» WHAT THE TASK ASKS: Pull every line containing "which" from the listing below.

Segment Start: DATASET RECORDS

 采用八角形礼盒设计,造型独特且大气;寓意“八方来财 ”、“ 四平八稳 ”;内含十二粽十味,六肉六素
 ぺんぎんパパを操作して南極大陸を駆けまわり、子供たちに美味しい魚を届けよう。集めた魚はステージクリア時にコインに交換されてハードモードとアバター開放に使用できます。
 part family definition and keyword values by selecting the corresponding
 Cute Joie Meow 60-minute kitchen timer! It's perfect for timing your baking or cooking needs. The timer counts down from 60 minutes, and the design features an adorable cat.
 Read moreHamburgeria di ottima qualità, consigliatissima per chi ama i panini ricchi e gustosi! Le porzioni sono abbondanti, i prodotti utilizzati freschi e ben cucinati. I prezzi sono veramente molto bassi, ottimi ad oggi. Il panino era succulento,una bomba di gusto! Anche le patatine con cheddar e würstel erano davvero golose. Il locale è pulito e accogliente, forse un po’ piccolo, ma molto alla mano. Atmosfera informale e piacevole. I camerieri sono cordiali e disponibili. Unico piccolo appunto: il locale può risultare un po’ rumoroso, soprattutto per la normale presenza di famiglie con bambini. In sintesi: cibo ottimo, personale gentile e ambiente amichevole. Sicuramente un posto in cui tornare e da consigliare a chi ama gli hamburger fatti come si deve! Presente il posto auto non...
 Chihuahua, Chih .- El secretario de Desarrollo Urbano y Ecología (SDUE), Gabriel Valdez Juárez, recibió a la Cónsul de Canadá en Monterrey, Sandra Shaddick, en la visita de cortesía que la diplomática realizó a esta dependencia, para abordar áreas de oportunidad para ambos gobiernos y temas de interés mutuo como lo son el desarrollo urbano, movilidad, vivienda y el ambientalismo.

Segment End: DATASET RECORDS
Segment Start: DATASET RECORDS

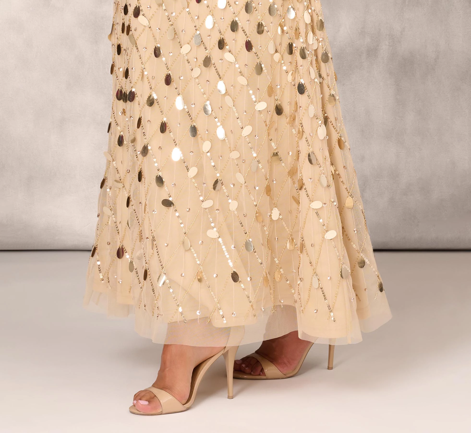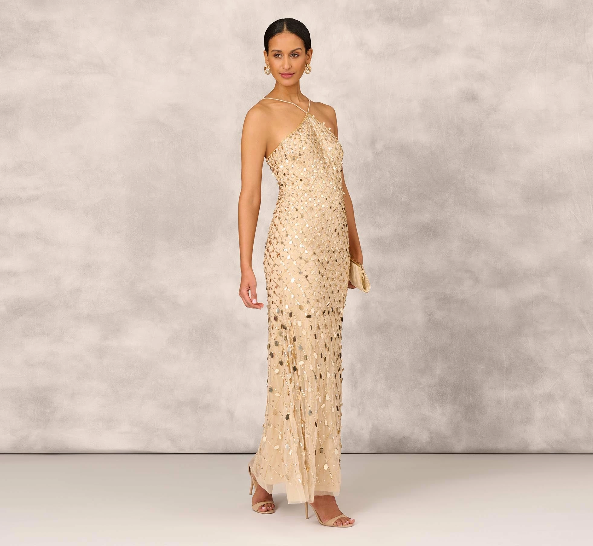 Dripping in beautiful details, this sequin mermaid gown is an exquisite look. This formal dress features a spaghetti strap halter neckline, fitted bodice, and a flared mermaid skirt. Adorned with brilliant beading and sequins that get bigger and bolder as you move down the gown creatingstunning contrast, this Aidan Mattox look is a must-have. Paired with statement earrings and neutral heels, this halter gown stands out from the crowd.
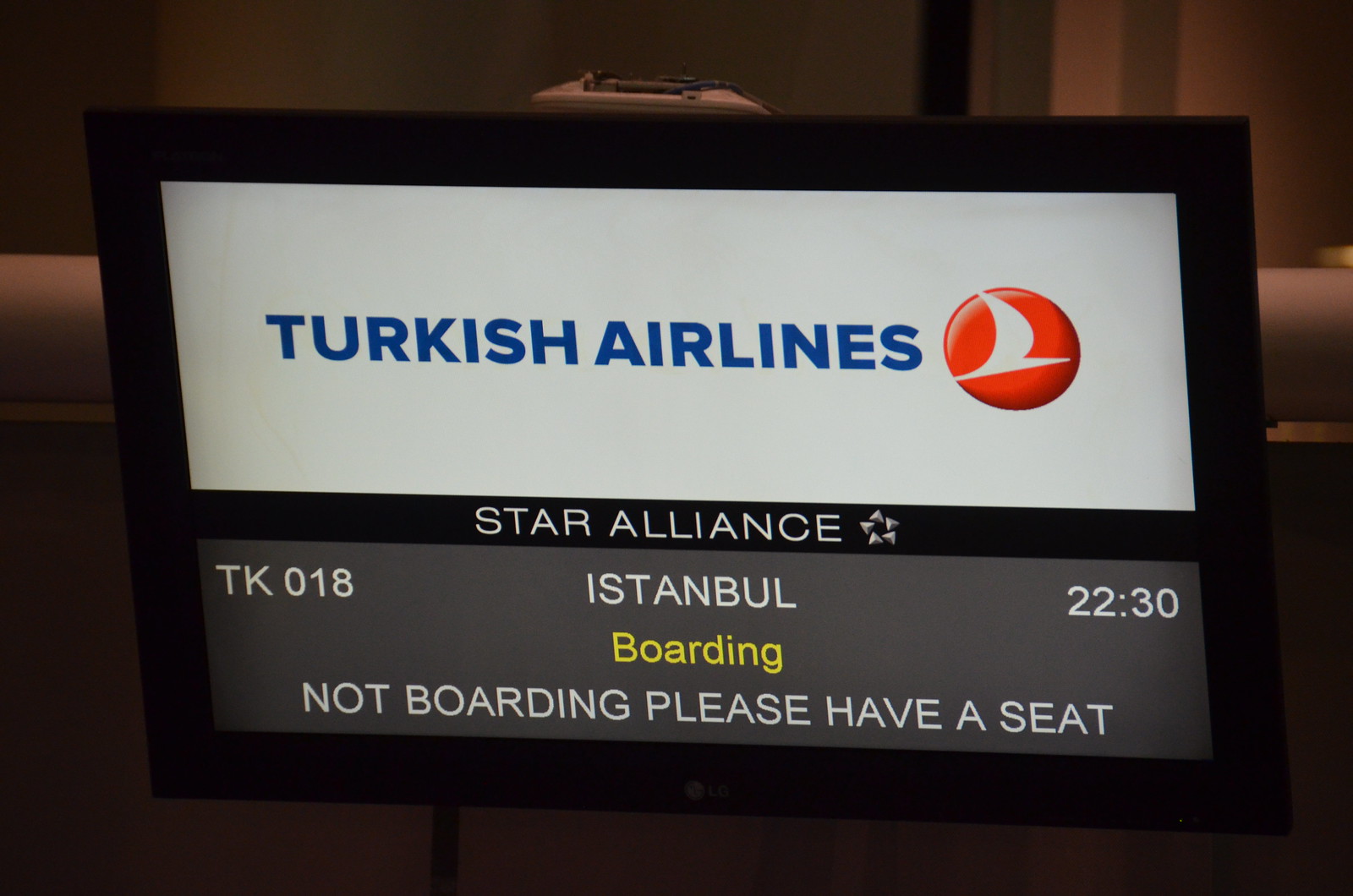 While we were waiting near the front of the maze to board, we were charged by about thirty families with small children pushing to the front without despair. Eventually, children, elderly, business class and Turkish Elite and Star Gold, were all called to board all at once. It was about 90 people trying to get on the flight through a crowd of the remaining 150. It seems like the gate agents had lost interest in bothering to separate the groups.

Segment End: DATASET RECORDS
Segment Start: DATASET RECORDS

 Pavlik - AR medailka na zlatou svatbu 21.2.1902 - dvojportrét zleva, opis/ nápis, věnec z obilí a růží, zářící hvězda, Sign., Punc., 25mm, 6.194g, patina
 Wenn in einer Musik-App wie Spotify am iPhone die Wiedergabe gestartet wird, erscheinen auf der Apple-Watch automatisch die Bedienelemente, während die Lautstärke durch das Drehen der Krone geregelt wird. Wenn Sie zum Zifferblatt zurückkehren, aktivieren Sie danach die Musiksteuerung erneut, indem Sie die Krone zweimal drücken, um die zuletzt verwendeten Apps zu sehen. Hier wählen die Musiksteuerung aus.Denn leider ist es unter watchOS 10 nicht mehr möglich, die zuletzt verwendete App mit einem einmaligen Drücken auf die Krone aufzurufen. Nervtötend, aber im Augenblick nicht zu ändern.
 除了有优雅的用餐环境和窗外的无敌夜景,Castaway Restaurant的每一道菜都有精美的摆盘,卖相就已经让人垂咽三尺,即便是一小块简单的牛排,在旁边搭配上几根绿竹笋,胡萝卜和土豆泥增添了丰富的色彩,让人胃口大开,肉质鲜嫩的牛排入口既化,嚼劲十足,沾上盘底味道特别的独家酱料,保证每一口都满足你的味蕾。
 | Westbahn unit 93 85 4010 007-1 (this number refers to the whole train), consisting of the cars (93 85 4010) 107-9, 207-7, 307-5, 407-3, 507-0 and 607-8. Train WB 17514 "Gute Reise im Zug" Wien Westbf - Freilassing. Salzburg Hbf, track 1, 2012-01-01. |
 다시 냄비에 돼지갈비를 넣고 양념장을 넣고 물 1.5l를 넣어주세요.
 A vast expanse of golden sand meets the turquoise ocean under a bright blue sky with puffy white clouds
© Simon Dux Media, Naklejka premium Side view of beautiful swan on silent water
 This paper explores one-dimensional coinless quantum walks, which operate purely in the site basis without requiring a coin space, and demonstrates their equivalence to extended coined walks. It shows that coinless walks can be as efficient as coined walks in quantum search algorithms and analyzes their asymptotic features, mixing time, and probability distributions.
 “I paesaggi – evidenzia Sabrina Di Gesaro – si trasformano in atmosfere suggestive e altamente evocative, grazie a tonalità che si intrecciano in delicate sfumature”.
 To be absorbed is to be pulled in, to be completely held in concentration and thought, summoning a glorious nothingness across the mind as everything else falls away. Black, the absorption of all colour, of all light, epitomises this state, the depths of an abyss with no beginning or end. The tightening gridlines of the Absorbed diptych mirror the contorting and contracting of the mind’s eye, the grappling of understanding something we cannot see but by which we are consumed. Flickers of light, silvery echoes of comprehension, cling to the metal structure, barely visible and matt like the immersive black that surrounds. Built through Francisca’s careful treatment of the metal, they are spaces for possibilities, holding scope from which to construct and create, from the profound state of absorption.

Segment End: DATASET RECORDS

» EXERCISE SOLUTION:
 This paper explores one-dimensional coinless quantum walks, which operate purely in the site basis without requiring a coin space, and demonstrates their equivalence to extended coined walks. It shows that coinless walks can be as efficient as coined walks in quantum search algorithms and analyzes their asymptotic features, mixing time, and probability distributions.
 To be absorbed is to be pulled in, to be completely held in concentration and thought, summoning a glorious nothingness across the mind as everything else falls away. Black, the absorption of all colour, of all light, epitomises this state, the depths of an abyss with no beginning or end. The tightening gridlines of the Absorbed diptych mirror the contorting and contracting of the mind’s eye, the grappling of understanding something we cannot see but by which we are consumed. Flickers of light, silvery echoes of comprehension, cling to the metal structure, barely visible and matt like the immersive black that surrounds. Built through Francisca’s careful treatment of the metal, they are spaces for possibilities, holding scope from which to construct and create, from the profound state of absorption.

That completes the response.